▶ _Work request_
Within the records that follow, restate exactly the lines from the line with "天天资源网收录的动画片《超人" down to the line with "Bedroom 3: double", including both. Omit the pictures.

▶ _Source data_
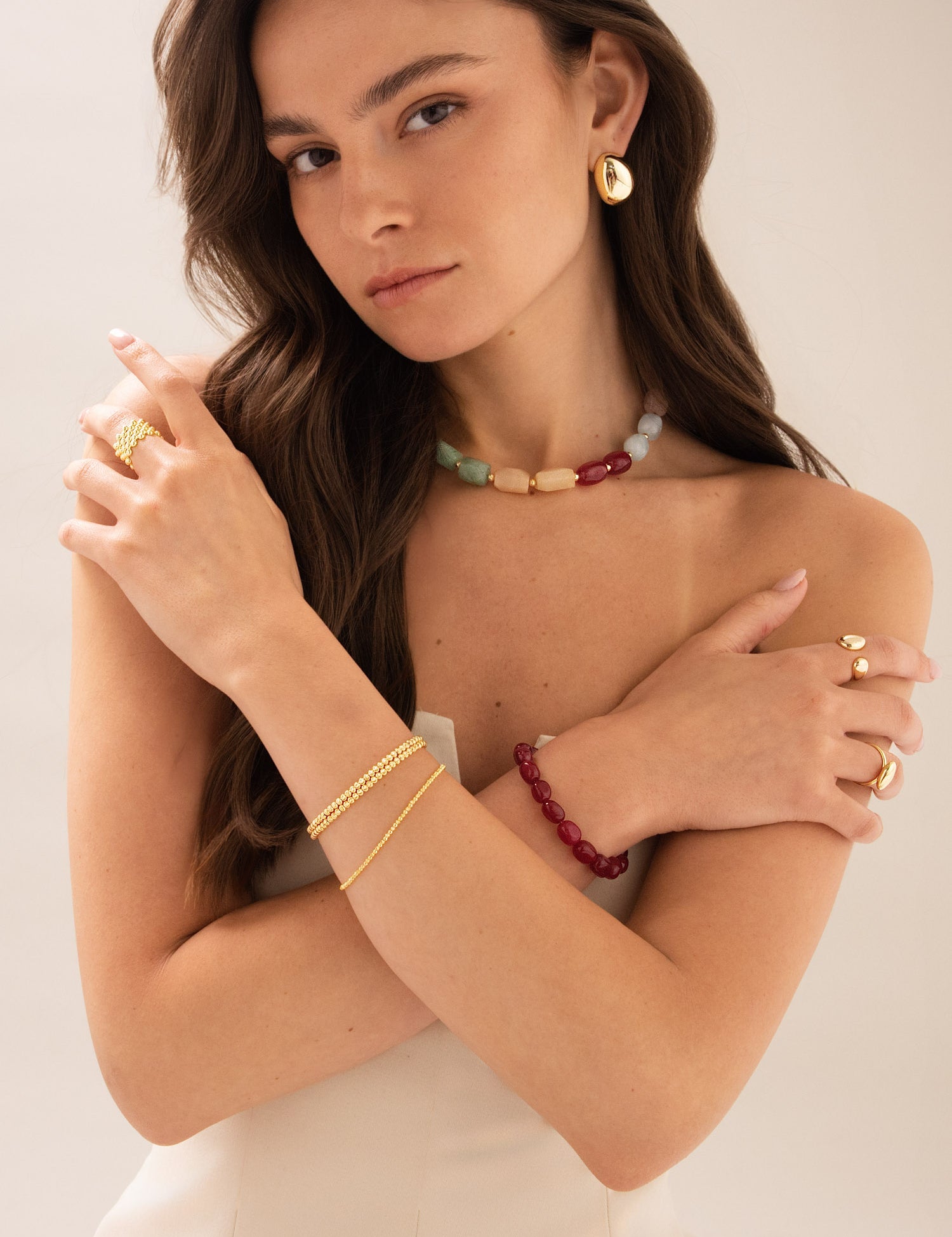 Colar de pedras banhado a ouro com ágata e jadeíte
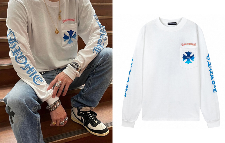 남녀공용 크롬HA츠 블루 웨이브 롱 슬리브 티셔츠 (PREMIUM) 요약정보 및 구매
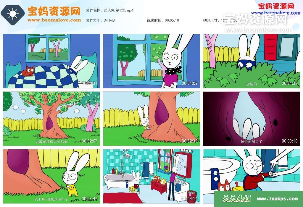 天天资源网收录的动画片《超人兔》Simon中文版,全部52集,国语发音,中文字幕;每集大小约33M,资源总大小1.86G,单集播放时长约5分钟,1080P高清MP4格式,可以在电视机或电脑、平板、IPAD、早教机、手机等各种设备播放,提供百度云网盘下载。
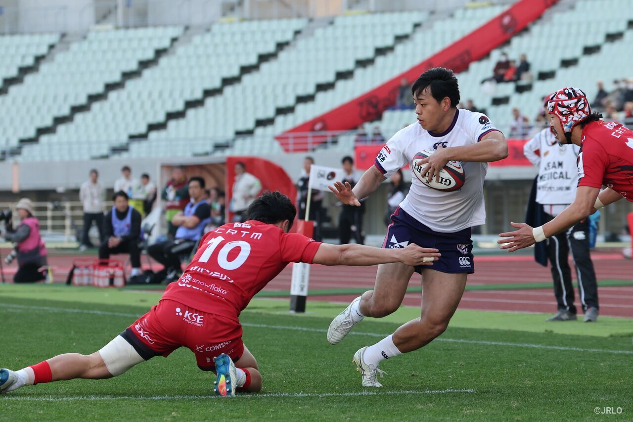 開幕4連勝と好調を維持する清水建設江東ブルーシャークス(以下、江東BS)において、ここまで唯一、全試合フル出場を続ける男がいる。尾﨑達洋だ。昨季も入替戦を含めて13試合に出場。185cmの恵まれた体躯を生かし、バックスの要として常にチームの最後尾に立ってきた。
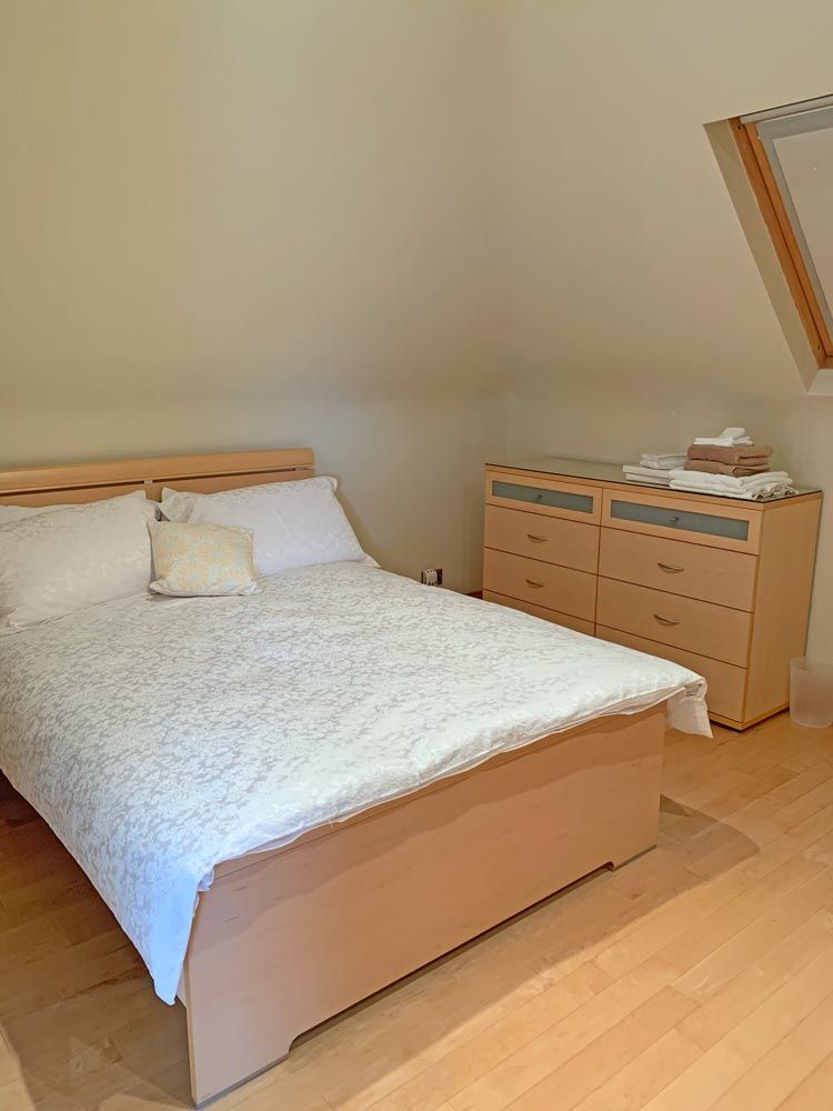 Bedroom 3: double bed (x2), en suite - mountain and garden view
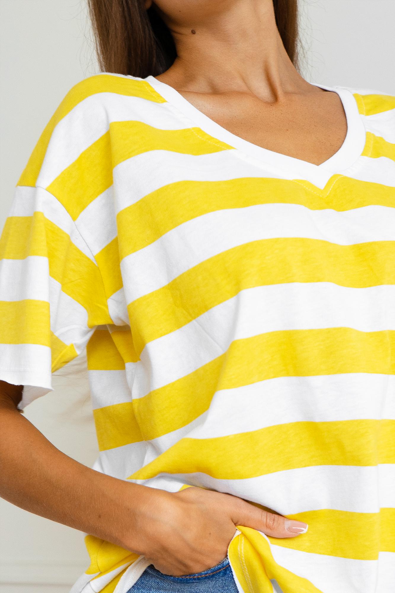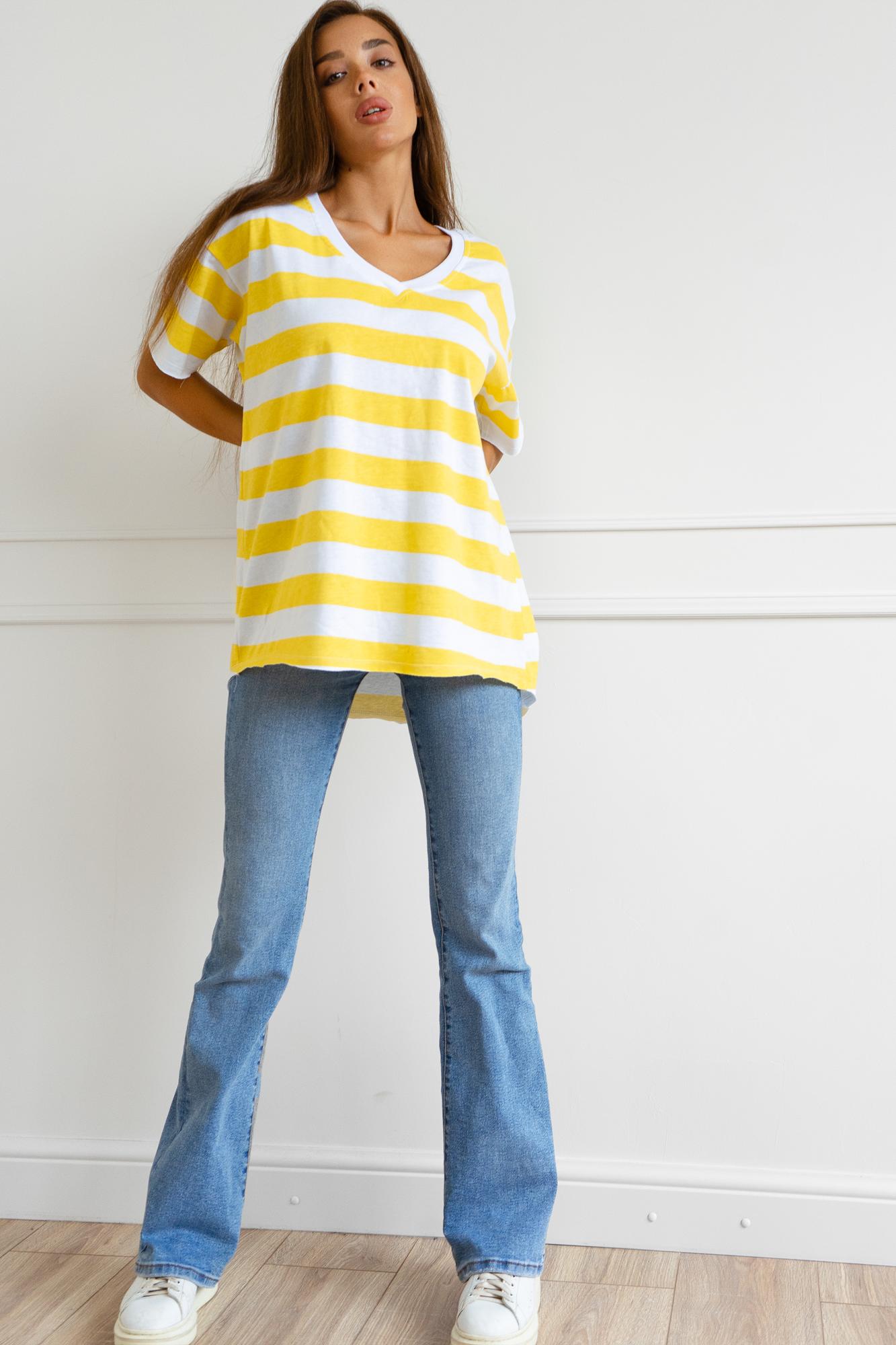 Футболка Фурор из 100% хлопка станет Вашим фаворитом в выборе повседневной одежды. Она отлично сочетается с шортами, брюками, бриджами и спортивной обувью. Воротник мысиком, короткие рукава, футболка немного укорочена спереди и удлиненная со спинки. Можно одевать футболку на одно плечо, что придаст особый шарм и романтичность образу.  Удобная свободная посадка и красивая расцветка в полоску  – делают модель очень привлекательной.
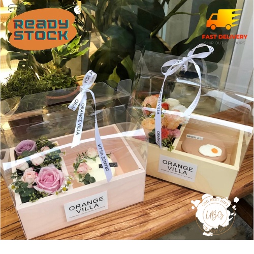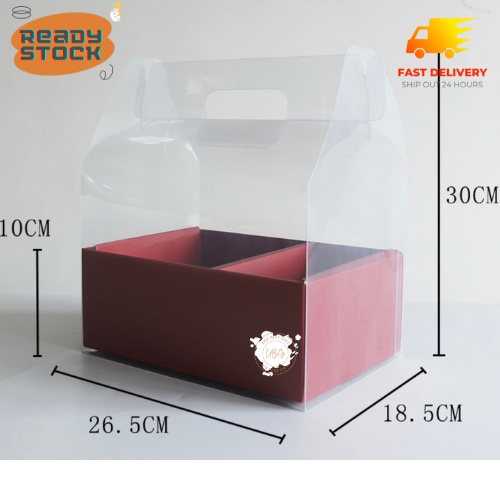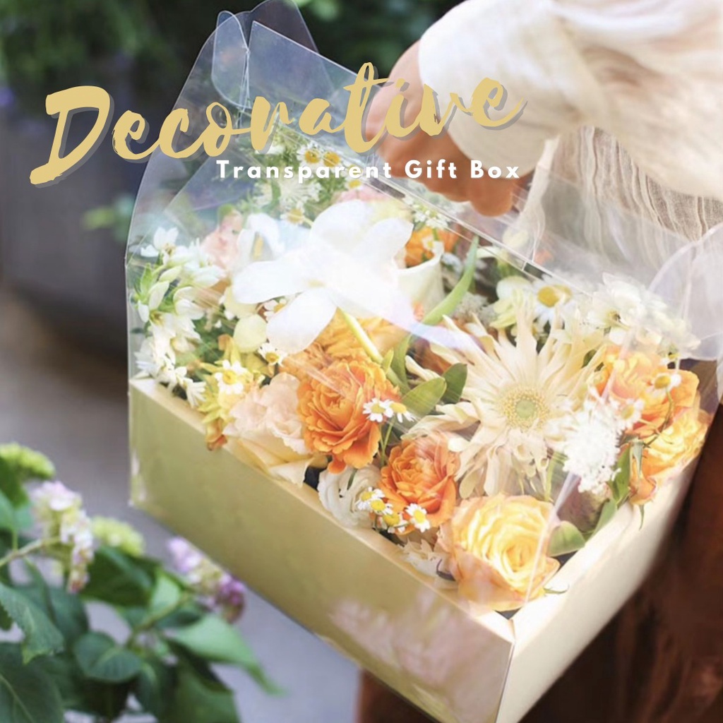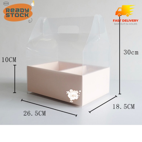 Decorative Transparent Carrying Flower Gift Box With 2 Compartment
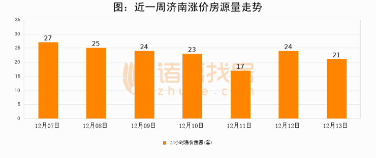 根据诸葛找房数据显示,济南24小时涨价房源量为21套,较12月12日减少3套,环比下降12.5%。与此同时,涨价房源占比小幅回落,对于购房者来说是一个入市窗口期,购房者可抓住时机入市。
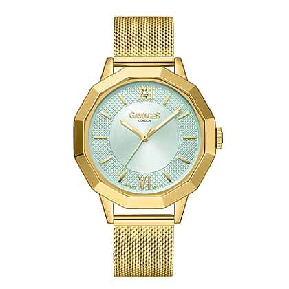 Gamages of London Lotus Diamond Swiss Quartz Movement Seychelles Blue Dial Water Resistant Ladies Watch with Mesh Bracelet in Gold Tone
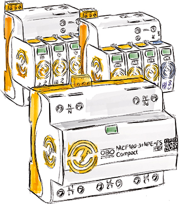 The strongest items in the team, the combination arrestors MCF Compact 75 and 100, which were developed for universal use in buildings of lightning protection classes I–IV, have a total arresting capacity of up to 100 kA (25 kA/pin). The devices are used in buildings with external lightning protection or overhead line supply. Besides offices, commercial real estate and residential buildings, these surge protection devices are also particularly suitable for industry. The combination arrestors are available in 3-pin (TNC network) and 3+1-pin (TT and TNS network) versions. They are installed at the supply point of the building and offer system protection up to 315 A without a separate back-up fuse and are short-circuit-protected up to a line follow current of 50 kA. With a width of just 105 mm, the devices have a compact structure and, in comparison to standard devices, are around 25% smaller and are thus more space-saving and easier to insert in the supply/in the switchgear cabinet.

▶ _Response box_
 天天资源网收录的动画片《超人兔》Simon中文版,全部52集,国语发音,中文字幕;每集大小约33M,资源总大小1.86G,单集播放时长约5分钟,1080P高清MP4格式,可以在电视机或电脑、平板、IPAD、早教机、手机等各种设备播放,提供百度云网盘下载。
 開幕4連勝と好調を維持する清水建設江東ブルーシャークス(以下、江東BS)において、ここまで唯一、全試合フル出場を続ける男がいる。尾﨑達洋だ。昨季も入替戦を含めて13試合に出場。185cmの恵まれた体躯を生かし、バックスの要として常にチームの最後尾に立ってきた。
 Bedroom 3: double bed (x2), en suite - mountain and garden view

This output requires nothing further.